By Rishika Pardikar – EOS.
he grazing habits of wild animals like elephants and boars enable long-term carbon storage, according to new research that stresses the need to align climate mitigation goals with biodiversity conservation.
Wildlife and open-canopy ecosystems like grasslands are rarely a part of discussions surrounding climate change mitigation. Now, a new review points to interactions between wild herbivores and vegetation to show how restoration efforts could be optimized by aligning climate goals with biodiversity conservation.
The idea that herbivores are necessarily bad for carbon storage because they consume and disturb vegetation is “far too simplistic and risks poor land management decisions with bad consequences for biodiversity,” said Jeppe A. Kristensen, the paper’s lead author and a fellow at the School of Geography and the Environment, University of Oxford.
Terming grasslands as “overlooked global reservoirs of carbon,” the research shows how herbivores redistribute carbon from aboveground vegetation (where it is vulnerable to disturbances like wildfire and disease) into more persistent belowground soil pools. Soil pools are composed primarily of undecomposed plant and animal residues (particulate organic matter) and more resistant carbon stabilized by interaction with mineral soil particles (mineral-associated organic matter).
The paper presents a holistic framework of linkages between vegetation, large herbivores like elephants and wild boars, smaller organisms like earthworms and dung beetles, and microbes.
By grazing, Kristensen explained, herbivores recycle plant material to the soil via dung and urine. Decomposers in the earth (mostly microbes, as well as larger animals like earthworms) feed on this nutrient-rich resource and bury fractions of it in the soil. By increasing the amount of carbon cycled through the soil, Kristensen and his coauthors argued, ecosystems with large herbivores may store a larger fraction of total ecosystem carbon in pools less vulnerable to perturbations than living plant biomass.
The paper presents a holistic framework of linkages between vegetation, large herbivores like elephants and wild boars, smaller organisms like earthworms and dung beetles, and microbes. Aboveground and belowground carbon sequestration services provided by these living elements of an ecosystem ought to be viewed as a whole rather than as a series of singular foci, the paper argues.
“There is a lot of focus on aboveground carbon. And nature management efforts are usually about increasing forest area. But soil carbon is an important aspect, and herbivores improve soil carbon and nitrogen sequestration,” said Judith Sitters, a researcher in forest and landscape ecology at Wageningen University and Research who did not contribute to the new paper. Sitters was, however, the lead author of an earlier paper that showed how megaherbivores (animals weighing more than 1,000 kilograms) increased both carbon and nitrogen pools in the soil. Sitters added that megaherbivores like elephants and rhinos have a far greater impact on key ecosystem processes than smaller ones like zebras because of the amount of food they eat and the amount of dung they deposit.
An Ecosystem-Wide Perspective
For millions of years, herbivores have been integral to how ecosystems work. Sumanta Bagchi, an associate professor with the Centre for Ecological Sciences and the Divecha Centre for Climate Change at the Indian Institute of Science, said the presence of herbivores changes “the quality and quantity of food supply for microbes in soil.” In the absence of herbivores, Bagchi said, “carbon’s residence time in the soil is reduced.”
Bagchi was not involved in the new review but is one of the authors of an earlier paper suggesting why moderate levels of grazing could promote net soil carbon storage in ecosystems. Maintaining the influence of large herbivores on grazing ecosystems through conservation and rewilding efforts could be of “high importance” for soil carbon sequestration, Bagchi said.

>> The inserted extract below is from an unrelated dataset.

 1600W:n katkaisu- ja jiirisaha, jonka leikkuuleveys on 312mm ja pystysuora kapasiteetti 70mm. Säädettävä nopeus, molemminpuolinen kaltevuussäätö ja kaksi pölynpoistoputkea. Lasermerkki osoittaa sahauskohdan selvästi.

Kristensen agreed, suggesting “a mix of climate-friendly forests, high-yielding agriculture, more extensive semipastoral systems, and dedicated nature parks where biodiversity is given first priority” as perhaps the best way to optimize multiple goals like climate change mitigation and biodiversity conservation.

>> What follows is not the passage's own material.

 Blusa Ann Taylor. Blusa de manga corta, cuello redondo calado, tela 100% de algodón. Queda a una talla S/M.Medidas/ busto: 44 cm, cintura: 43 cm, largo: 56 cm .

Scientists like Bagchi, Sitters, and Kristensen are not alone in highlighting the links between biodiversity and climate change. In 2020, two bodies of the United Nations (the Intergovernmental Panel on Climate Change and the Intergovernmental Science-Policy Platform on Biodiversity and Ecosystem Services) released a landmark report to highlight how “functional separation” between the fields of climate change and biodiversity “creates a risk of incompletely identifying, understanding and dealing with the connections between the two.”